WHAT THE EXERCISE ASKS> Return the records word for word. Pictures do not belong in the copy.

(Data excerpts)
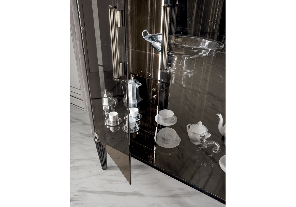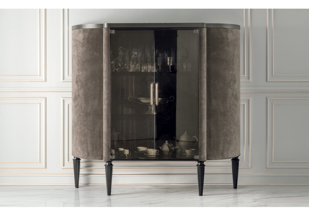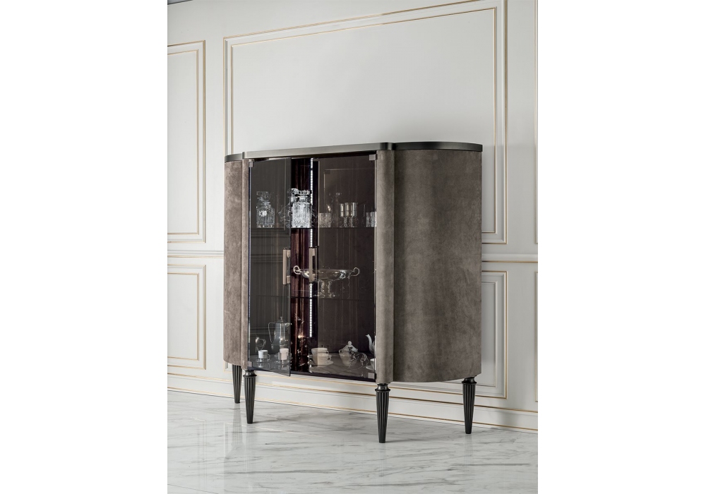 Kate designed by Giuseppe Iasparra for longhi is a high cabinet with internal structure and top in veneered wood. Curved sides covered in leather, and doors in bronze or smoked StopSol tempered glass. Grooved metal handles and metal parts in glossy or matte finish.
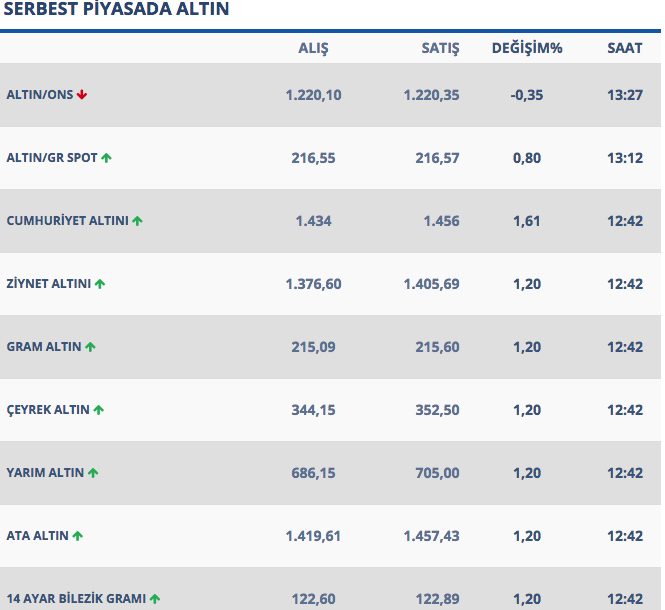SAAT 13:20'DA ALTIN, ÇEYREK ALTIN
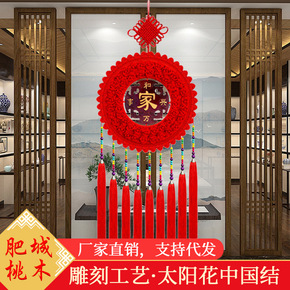 圆形太阳花中国结挂饰客厅大号桃木福字挂件玄关餐厅背...
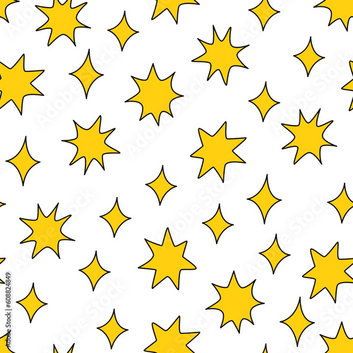 Seamless retro pattern with various stars. Vector background in hippie 1970 style
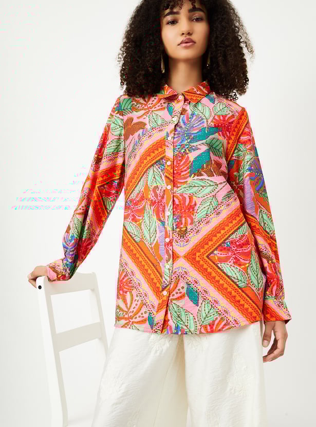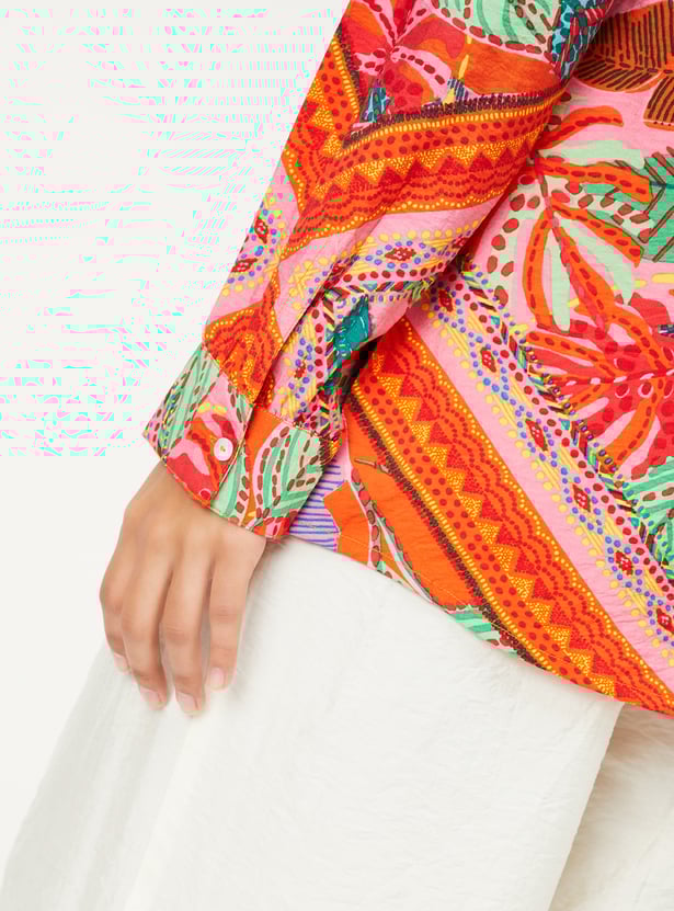 Elevate your casual style with this women’s printed tunic, featuring a spread collar and a button placket for a classic yet chic look. The full sleeves with button cuffs add a sophisticated touch, making it perfect for any occasion.
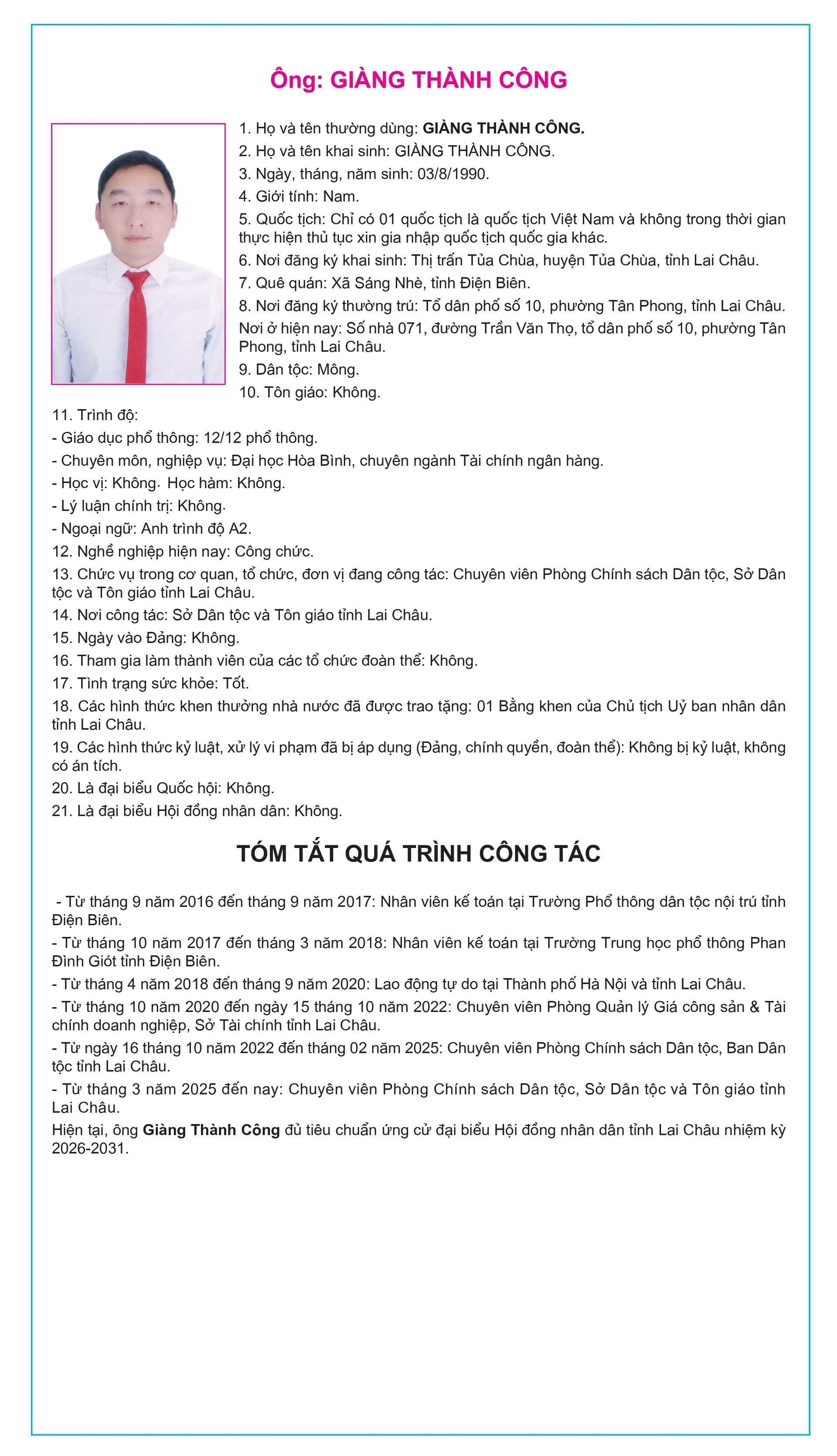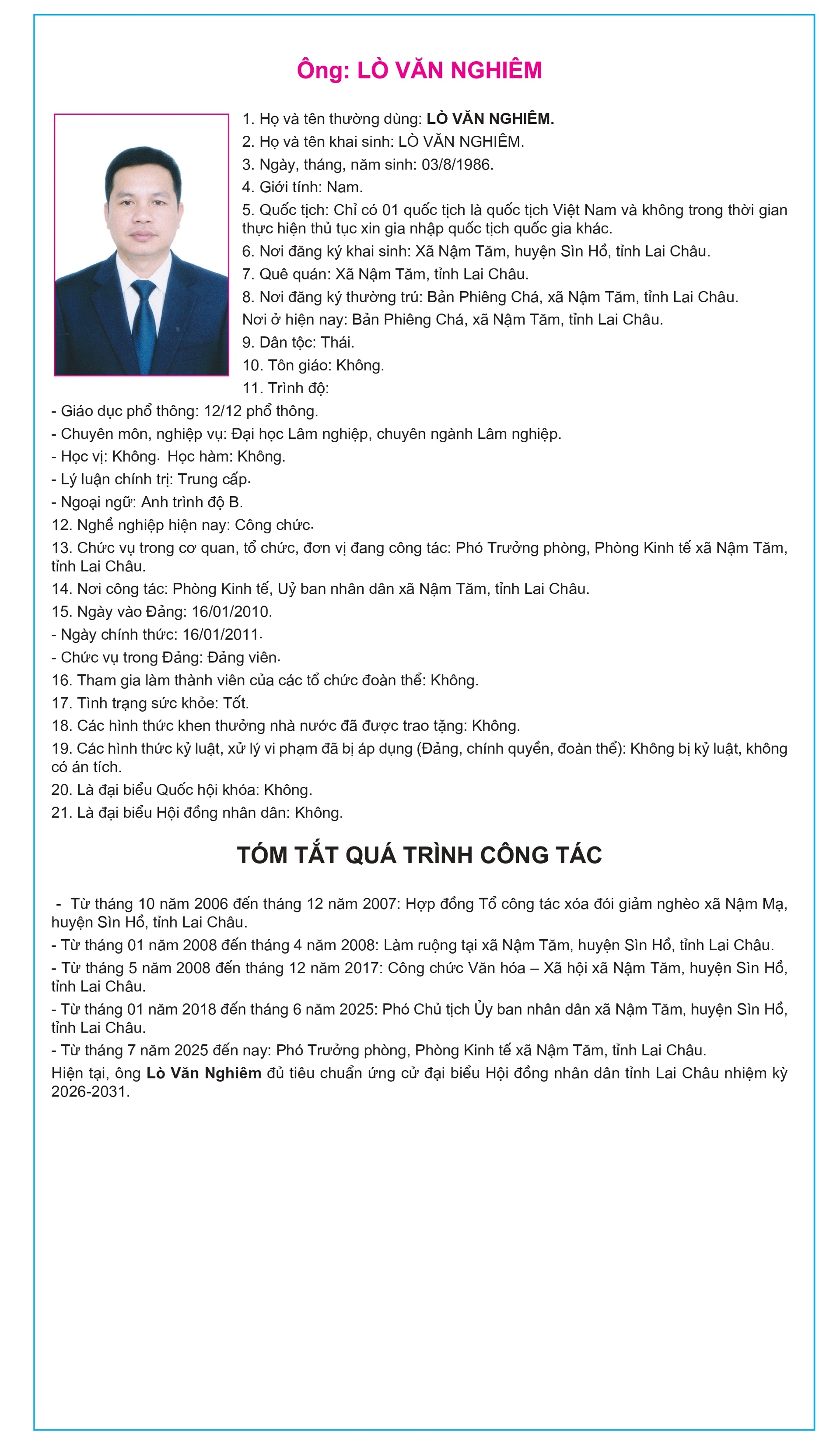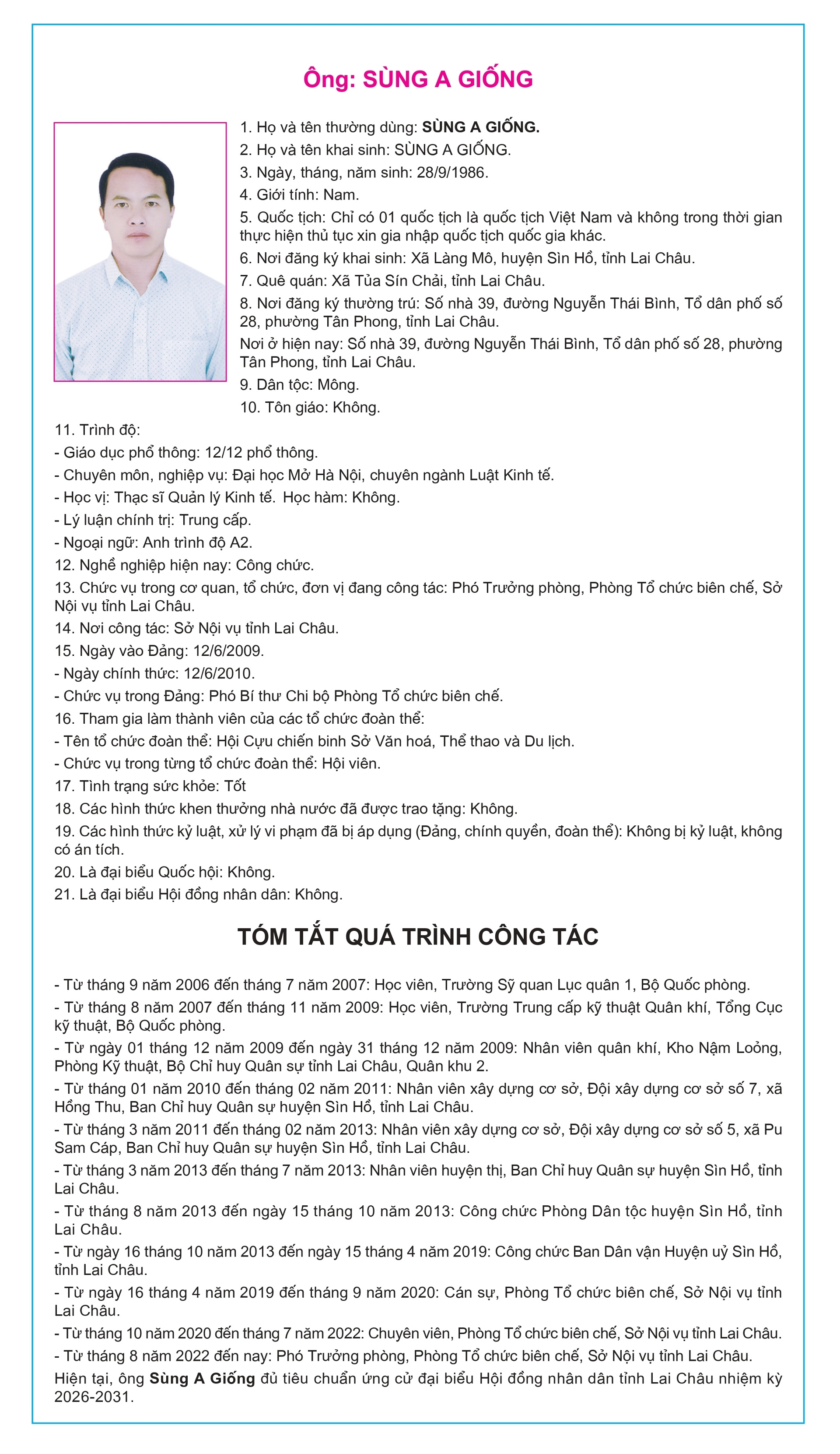 Tiểu sử tóm tắt của người ứng cử Đại biểu Hội đồng Nhân dân tỉnh Lai Châu, nhiệm kỳ 2026-2031

RESPONSE TO THIS EXERCISE>
 Kate designed by Giuseppe Iasparra for longhi is a high cabinet with internal structure and top in veneered wood. Curved sides covered in leather, and doors in bronze or smoked StopSol tempered glass. Grooved metal handles and metal parts in glossy or matte finish.
SAAT 13:20'DA ALTIN, ÇEYREK ALTIN
 圆形太阳花中国结挂饰客厅大号桃木福字挂件玄关餐厅背...
 Seamless retro pattern with various stars. Vector background in hippie 1970 style
 Elevate your casual style with this women’s printed tunic, featuring a spread collar and a button placket for a classic yet chic look. The full sleeves with button cuffs add a sophisticated touch, making it perfect for any occasion.
 Tiểu sử tóm tắt của người ứng cử Đại biểu Hội đồng Nhân dân tỉnh Lai Châu, nhiệm kỳ 2026-2031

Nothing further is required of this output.